Prosecutors and the records fight
Prosecutors have insisted from the start that this is a property damage case, not a referendum on political speech, and they are pushing to retry the five defendants. The defense counters that public campaign materials and fundraising built around the prosecution have created a conflict of interest. Singh’s motion asks a judge to order the DA’s office to turn over specific emails and donor records that could shed light on that claim. Local outlets have covered both sides of the increasingly heated filings, and KQED has been tracking the paperwork and the dueling narratives in court.
Legal stakes
If the court removes Rosen and his office from the case, the California Attorney General’s office would decide whether to step in and prosecute or simply dismiss the charges. That kind of handoff could slow the case or change its contours entirely. The five remaining defendants still face felony vandalism and conspiracy counts that carry the possibility of prison time and restitution orders if they are convicted, according to KTVU.
What happens next
According to local reporting, the Attorney General’s office has already agreed to assist on the narrow question of recusal and is expected to review the defense motion in mid March. A Santa Clara County judge is slated to rule later in the month.
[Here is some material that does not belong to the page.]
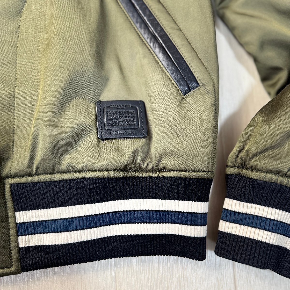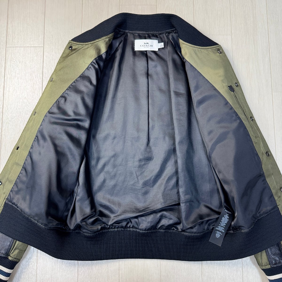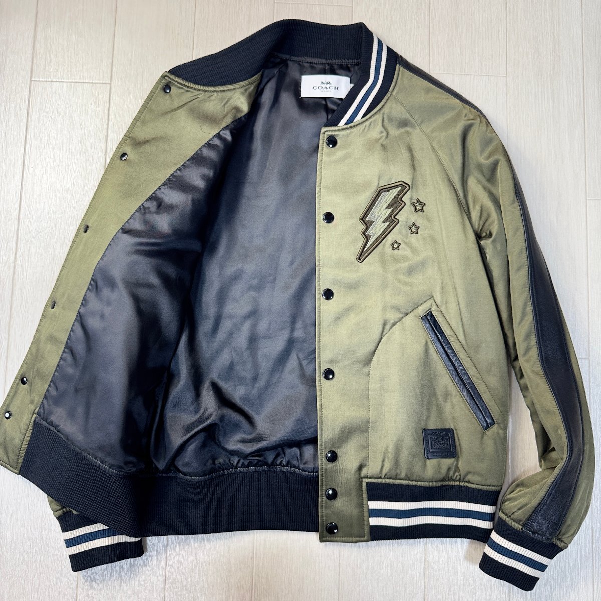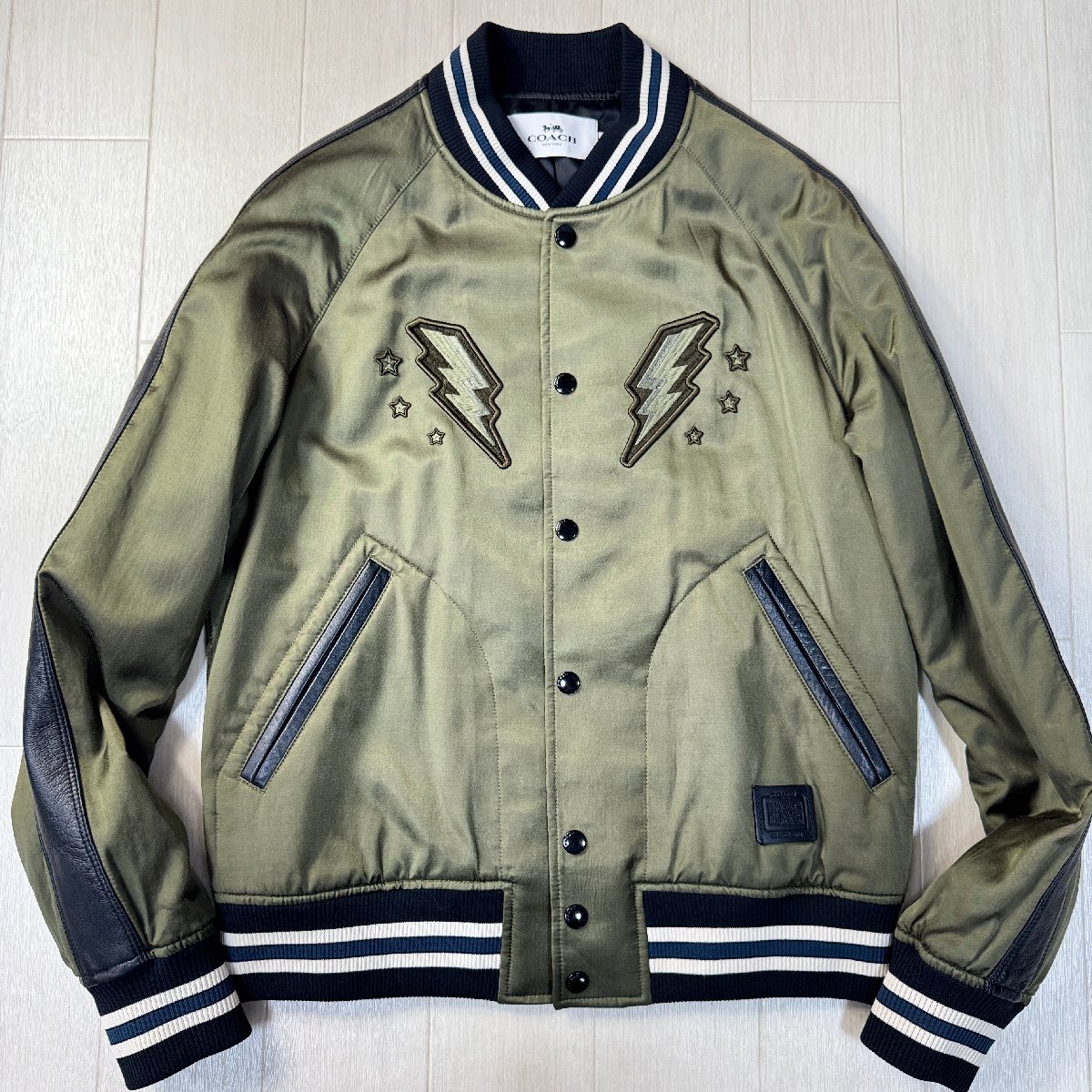 美品/M-L相当★コーチ/COACH 袖レザー 羊革 スタジャン 光沢生地 スカジャン ジャケット ロゴワッペン 稲妻刺繍 異素材切替 メンズ カーキ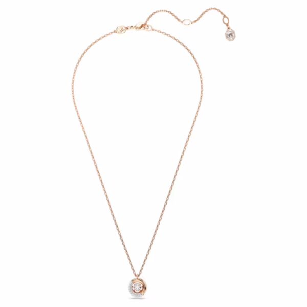Эта пленительная подвеска Dextera демонстрирует красоту в движении. Подвешенная на изящной цепочке с застежкой-карабином, розово-золотая конструкция имеет центральный обруч, наполовину инкрустированный паве из прозрачных кристаллов, и танцующий цирконий Swarovski, размещенный посередине. Сочетайте с соответствующим набором серег для радостно экстравагантного образа.

That decision will determine whether the retrial moves forward under Rosen’s leadership or whether state prosecutors step in and decide to take over or drop the case. Mountain View Voice has reported on the Attorney General’s involvement, while The Mercury News has outlined the judge’s upcoming schedule and the defense discovery push.
The recusal fight puts a technical but consequential question front and center in a case that has already stirred campus and community debate: can a prosecutor’s campaign messaging and public comments create enough of an appearance of conflict to change who brings criminal charges to trial? Whether the result is dismissal, a state takeover, or a fresh retrial under the county DA, the ruling is poised to reset both the timeline and the legal posture of a prosecution that is not fading from the local spotlight anytime soon.